PINE GROVE - Using a $500 grant it acquired in 2013 through Schuylkill Conservation District's third annual Green Challenge, Pine Grove Area Elementary is building a mural to recognize the woodlands surrounding the school.
"It will feature ceramic tiles we made. They feature impressions of leaves the children collected, including leaves from American beech, shagbark hickory, white oak, red maple, eastern hemlock and white pine trees," said Darla Rodriguez, the elementary art teacher who spearheaded the project and is working with more than 130 first-grade students to complete it.
First-graders John Moyer and Katie Primeau, both 6, were painting ceramic pieces shaped like rocks and the size of arrowheads the color of "straw," Primeau said.
"They'll be used as texture around the tiles featuring the leaves," Rodriguez said.
"Very nice," Danette Cobb-Mc-Kinzie, a spokeswoman for one of the sponsors of the Green Challenge, Wegman's Retail Service Center, Highridge Business Park, who visited the school Tuesday.
By the end of this school year, the 8-foot-long by 4-foot-high mural made of ceramic tiles and sculptures will be bolted to the wall of the lobby, near the principal's office, according to elementary school Principal Jennifer Bowen.
"It will have a permanent spot in this building. It will be a few yards from my office. It should be on the wall before the end of the school year," Bowen said Tuesday.
"It'll be cool," said Jeena Sidleck, 18, one of the high school seniors helping the students with the project.
"It's money well spent. It's not something that'll just be there today or next week. That's something that they'll share with their children or their children's children. It'll be there for a long, long time. They're creating a piece of history for Pine Grove," Cobb-McKinzie said.

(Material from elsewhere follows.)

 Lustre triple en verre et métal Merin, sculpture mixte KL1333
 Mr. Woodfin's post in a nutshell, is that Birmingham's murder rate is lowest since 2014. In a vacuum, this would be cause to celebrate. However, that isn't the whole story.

Cobb-McKinzie; representatives of the three other sponsors for the Green Challenge; and Patrick M. "Porcupine Pat" McKinney, the environmental education coordinator for the Schuylkill Conservation District, Pottsville, visited the elementary school Tuesday to see the progress the students were making on the mural.

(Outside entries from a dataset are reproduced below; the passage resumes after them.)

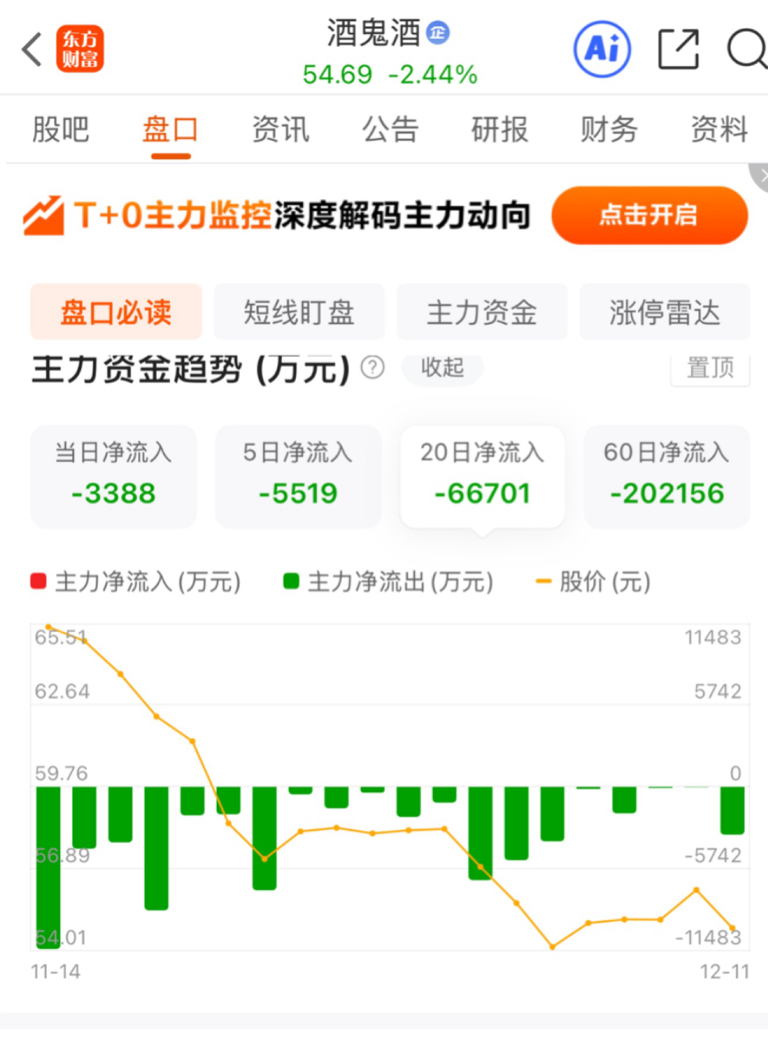 $酒鬼酒(SZ000799)$ 连续20天流入为绿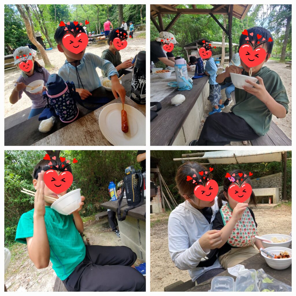 こちらは火おこしに挑戦!炭に火がつき出したら小学生の男の子達がちょうど良い火加減になるまでうちわであおいでくれました😚暑い中よく頑張りました~😝しょうゆを塗ったおにぎりとフランクフルトを焼いてる間に冷やしうどんをいただきます!お外で食べる昼ごはん最高😆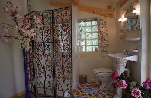 "the house" apart and very cocooning. it feels good with its ethereal sheer bed and its open bathroom decorated with Paris porcelain.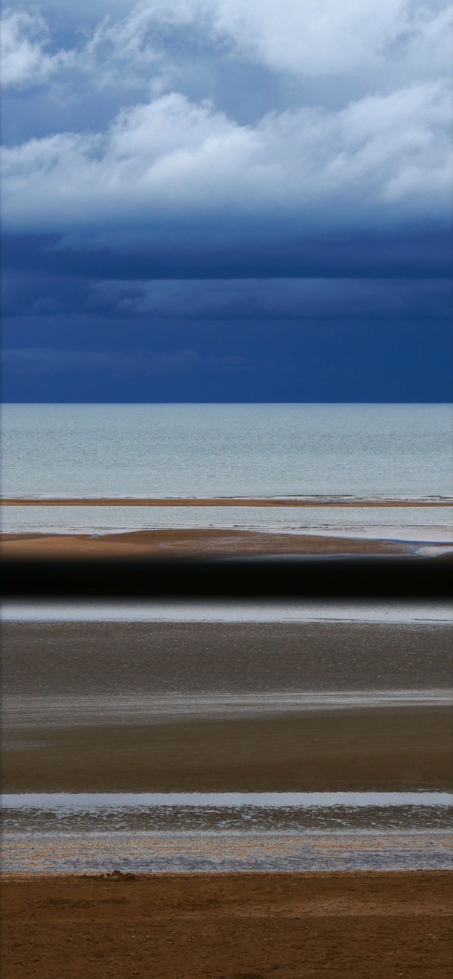Entre les flaques bleues de la marée d'hiver,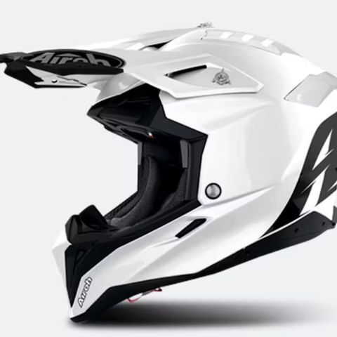 Airoh Aviator crosshjelm i sort og hvid farve. Hjelmen har en letvægtskonstruktion og indvendig polstring for komfort. Designet til off-road og motocross brug, med god ventilation og beskyttelse.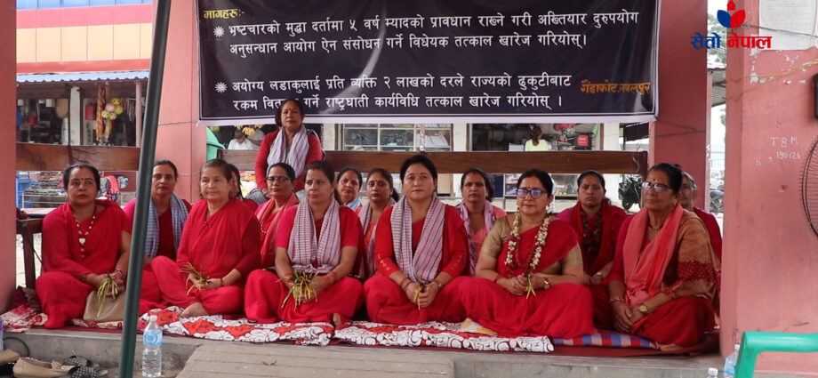 भ्रष्टचारका मुद्धा दर्ता संशोधनगर्न ल्याइएको विद्येयकको विरोधमा गैडाकोटमा रिले अनसन सुरु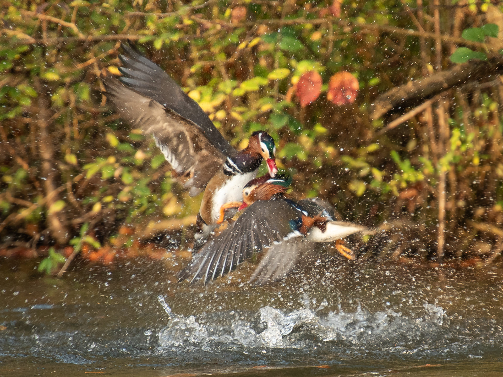 Herbstnachmittag im Englischen Garten/München. Kämpfende Mandarinenten.

They also discussed the Schuylkill Conservation District's fourth annual Green Challenge, which hundreds of students from kindergarten through eighth grade are participating in now.
This year's competition includes an Earth Day poster contest for kindergarten through fourth grade and an environmental essay contest for fifth through eighth grade, McKinney said.
"A total of $4,000 is available for each part of the challenge," McKinney said.
Students interested in the contest rules can visit the conservation district website at www.schuylkillcd.org.
School representatives with questions can call McKinney at 570-622-4124, ext. 113.
The annual event is dependent on financial support from corporate sponsors.
In 2011, a total of $12,000 in prize money was donated, and the competition was extended to high schools in Schuylkill County, McKinney said.
In 2012, 2013 and this year, only $8,000 was available per year, McKinney said. As a result, the conservation district had to limit the competition to elementary and middle schools.
For the past three years, the corporate sponsors were Wal-Mart Distribution Center 7030, Wegmans Retail Service Center, Jeld-Wen Inc. and Lowe's Distribution Center, all based at Highridge Business Park, McKinney said.
"Student winners can vie for $500 in individual prizes and schools can apply for $3,500 in prize money in an accompanying mini-grant program."
The mini-grant program offers the following prize amounts: first place, $2,000; second place, $1,000; and third place, $500.
In the 2013 Green Challenge, Pine Grove Elementary School was one of the four schools who won a $500 prize.
"Ms. Rodriguez submitted a proposal and it was accepted," McKinney said.
The winners are picked by a Green Challenge committee, which includes McKinney and representatives of the sponsors.
Representatives of the corporate sponsors who visited the class with Cobb-McKinzie and McKinney Tuesday included: Mike Pavelko, employee relations specialist with Lowe's, and Scott Irwin, operations manager with Wal-Mart Distribution Center 7030.